Acquaintance with Time in Early Autumn” (1980). Content and Description
“Acquaintance with Time in Early Autumn” first appeared in the collection Being Here: Poetry 1977-1980 (1980). In the final part of this collection, from which this poem is drawn, the poetic voice describes life in old age, the “autumn” of our lives. The poem is written in free verse, without regular rhyme or metrical patterns, and its lines and stanzas vary in length. The first-person speaker whose voice we hear contemplates the nature of time, the nature of the self, and the changing seasons. For the poem’s speaker, human life cannot be conceived apart from time, rendering us unable to comprehend it in its purest form.
True insight into the nature of time remains just outside our understanding, beyond our grasp. Throughout the poem Warren uses philosophical language concerned with what our lives mean, our existence—the reality philosophers often refer to as being. In “Acquaintance with Time in Early Autumn” Warren ruminates on how we understand and experience our own mortality and how we, as the natural world does, change. It is one of the Warren poems that treat the exploration of the self in a time-bound world and explore the paradox of living in a world to which we have no permanent connection.
The natural world, with its changing seasons, may mirror the stages of our lives, but, as with God, we cannot communicate with it; our language, including poetic speech, always falls short. For the speaker of the poem, we live a bound life controlled by time and limited by language. This awareness causes the speaker to react with anger and a bitter hatred for the one who fashioned the universe this way: God.
Warren uses a series of images from nature to explore complex philosophical issues, drawing comparisons between nature and our lives. The speaker lies floating in a “a mountain pool,” looking up at “one lone leaf” (3.19-20). The leafis a symbol, something that signifies an idea or object beyond itself: in this case, the universal journey from birth to death mediated by time. The tree that the leaf hangs from symbolizes life, while the cold black water that the speaker lies on symbolizes death. The leaf dramatizes the passage from birth to death when, in stanzas 7 and 8, it detaches and floats down to the water.

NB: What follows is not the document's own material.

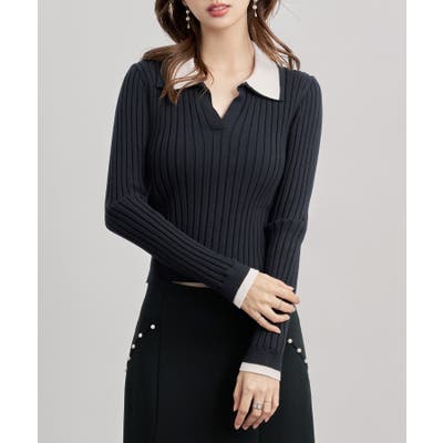 襟と袖口の二色使いがオシャレな重ね着風リブニットプルオーバー。

In “Acquaintance with Time in Early Autumn” the speaker both savors and laments time’s passing, celebrating the natural beauty brought about by seasonal change and simultaneously regretting mortality, the change time inevitably causes. Warren expresses time’s polar extremes in the poem’s final stanza, which describes life using a metaphor of currency: Life is the “payment” given by the “heart,” a “dime-thin, thumb-worn, two-sided, two-faced coin” (11.1).
For Warren, to live is to deal with change and passing: the movement of time, which is at once active, alive, and also decaying, moving toward death, something expressed by the coin’s two-sidedness in the poem’s last lines.
For Discussion or Writing:
1. According to the poem, how do the seasons reflect our lives?
2. If on one level the poem is about becoming aware of death, what truths does the poem tell us? What significance does the awareness of mortality have?
3. What is it that the water’s “one cold claw” releases in line 28? Why do you think the persona chooses to describe it as “a single drop?” How does this relate to the water symbolism throughout the poem?